Picnics can be indoors, too.

You may have never met the parents of your students. Yet for the Bible teaching you do to be as effective as it can be, you need the parents of your students to be on your team. Parent meetings don’t always work. Often parents of Bible class students are rushing off to their own classes or lunch. Parents of tutoring students may be at work while you are working with their children.

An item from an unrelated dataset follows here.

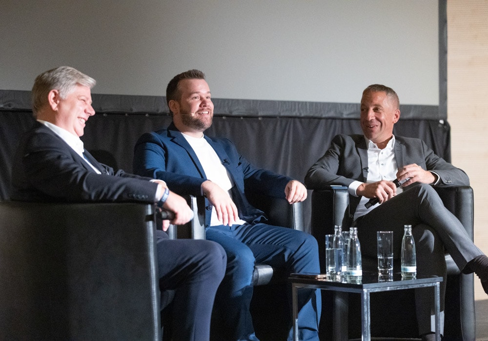 „Es wurde nichts gescriptet!“, also keine Fragen im Vorwege abgesprochen – mit dieser Vorwarnung leitete Moderator Stephan Peters (Bildmitte) das Streitgespräch ein, das Norbert Porazik (rechts) und Sascha Rabe, Direktionsleiter der Deutschen Vermögensberatung (DVAG), miteinander führten. Motto der Veranstaltung: „Versicherungsmakler & Vermögensberater – die Podiumsdiskussion“. Peters war selbst elf Jahre lang für die DVAG tätig, seit fünf Jahren steht er nun in den Diensten der Fonds Finanz und kennt daher beide Welten.

In spite of the special challenges faced by teachers of Bible classes or faith-based tutoring programs, you can do things to encourage the parents of your students to partner with you as you try to impress God’s words on the hearts of their kids. Here are a few of my favorites:

  • Send home parent letters. Children are famous for getting things a little muddled in the re-telling. One of my students was sure Abednego was actually a bongo. His parents probably thought I was teaching their child about drums instead of the Bible! Parent letters should be less than one page. Give parents the scripture you used, any special activities you did together and the main idea or godly principle you wanted their child to learn from the lesson. If you are creative, suggest an activity the family can do together to extend the lesson at home during the week.
  • Add the parents of your students to your social media platforms. This of course is probably easier with church programs than community based programs. Parents often appreciate photos of what happened in class. Some may never see that parent letter, but a couple of lines on Facebook will get their attention. Know your program and protect privacy as necessary. You may have a closed group private Facebook or Instagram account for your church or program. Some parents do not like images of their children seen online. Either get photo approval in writing or become an expert at the mystery photo – photos which show the activity but no recognizable faces of the children. I am getting great at shots from the backs of children or featuring only their hands.
  • Pick up the telephone. This has become a lost art, but is a great way to include parents on your team. A quick two minute call – “Had to tell you how wonderful your child was in class today” (or whatever) will brighten a parent’s day. Follow it with a quick summary of the scriptures or topic you are covering in class and a request for parents to review the information at home during the week.
  • Have a class picnic. The same parents who won’t attend a parent meeting will bring the entire extended family for a picnic or other fun outing. Make it easy to participate or you will lose attendees. Usually, it’s easiest to suggest everyone bring their own picnic. Schedule a time when everyone has started eating to spend a few minutes sharing what is happening in class and how parents can extend and reinforce the lessons at home.

Adding parents to your team will take a little extra time and effort on your part. Your students will benefit so much more from your lessons though, when their parents review them at home.